Instructions to follow = Please transcribe the data that follows without the pictures, keeping every word the same.

Material provided =

::::

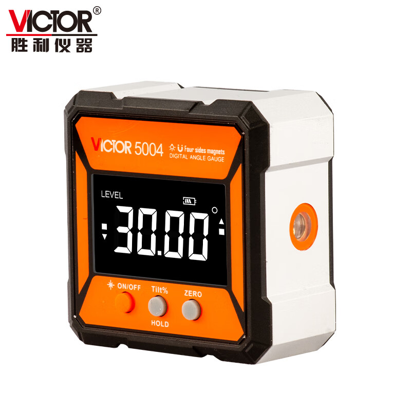 VICTOR 5004 是一款四面带磁的双侧激光数显倾角盒,其四角内置强力磁铁可吸附于被测工件上进行测量;双向激光扫描,水平定位;带背光反显屏设计,读数清晰;便携尺寸,方便与其它测量工具配合使用。集多种优点于一体,是建筑装修、土木工程、机械加工、工业自动化领域的重要测量工具。
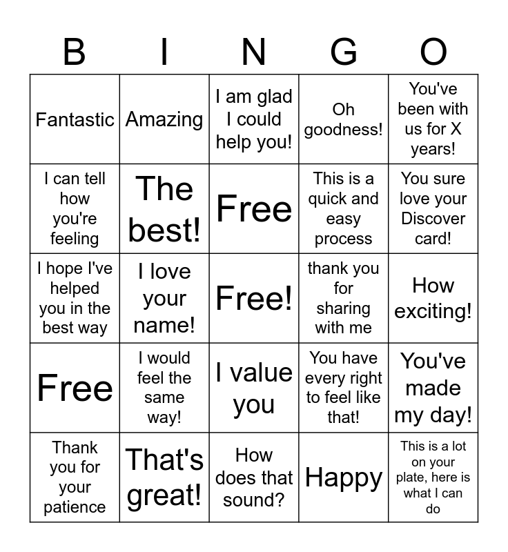 This bingo card has a free space and 24 words: I would feel the same way!, That's great!, Free, Thank you for your patience, You've been with us for X years!, Fantastic, I can tell how you're feeling, Amazing, thank you for sharing with me, I value you, This is a quick and easy process, I hope I've helped you in the best way, You have every right to feel like that!, You've made my day!, The best!, Happy, How exciting!, I am glad I could help you!, You sure love your Discover card!, I love your name!, This is a lot on your plate, here is what I can do, Free, Oh goodness! and How does that sound?.
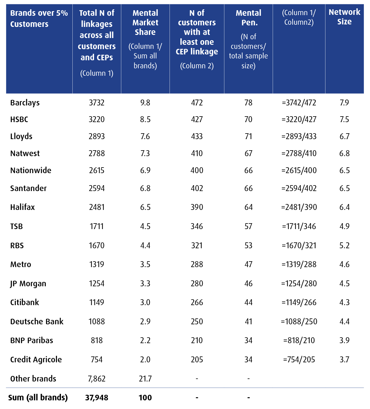 Mental Market Share – This is the brand’s share of CEP-Brand linkages in the category = (n linkages for a brand) / (total linkages for all brands across all CEPs)For example Barclays gets 3,732 linkages out of a total of 37,948, which equals 9.8%. In contrast RBS has 1,670 linkages out of 37,948, which equals 4.4%.
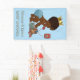Personalised elegant ethnic vintage little prince baby shower blue banner. A beautiful vintage illustration of a cute and adorable African American baby boy with stylish blue diaper and a gold crown. He is talking on an old red retro telephone telling you that he is on his way! He is holding a little blue suitcase and his quirky teddy bear is leaning against it - he's all packed up and ready for his arrival! The background is a pretty blue colour. If you need any assistance customising your product please contact me through my store and I will be happy to help. I have matching products in my store.

::::

Written reply =
 VICTOR 5004 是一款四面带磁的双侧激光数显倾角盒,其四角内置强力磁铁可吸附于被测工件上进行测量;双向激光扫描,水平定位;带背光反显屏设计,读数清晰;便携尺寸,方便与其它测量工具配合使用。集多种优点于一体,是建筑装修、土木工程、机械加工、工业自动化领域的重要测量工具。
 This bingo card has a free space and 24 words: I would feel the same way!, That's great!, Free, Thank you for your patience, You've been with us for X years!, Fantastic, I can tell how you're feeling, Amazing, thank you for sharing with me, I value you, This is a quick and easy process, I hope I've helped you in the best way, You have every right to feel like that!, You've made my day!, The best!, Happy, How exciting!, I am glad I could help you!, You sure love your Discover card!, I love your name!, This is a lot on your plate, here is what I can do, Free, Oh goodness! and How does that sound?.
 Mental Market Share – This is the brand’s share of CEP-Brand linkages in the category = (n linkages for a brand) / (total linkages for all brands across all CEPs)For example Barclays gets 3,732 linkages out of a total of 37,948, which equals 9.8%. In contrast RBS has 1,670 linkages out of 37,948, which equals 4.4%.
Personalised elegant ethnic vintage little prince baby shower blue banner. A beautiful vintage illustration of a cute and adorable African American baby boy with stylish blue diaper and a gold crown. He is talking on an old red retro telephone telling you that he is on his way! He is holding a little blue suitcase and his quirky teddy bear is leaning against it - he's all packed up and ready for his arrival! The background is a pretty blue colour. If you need any assistance customising your product please contact me through my store and I will be happy to help. I have matching products in my store.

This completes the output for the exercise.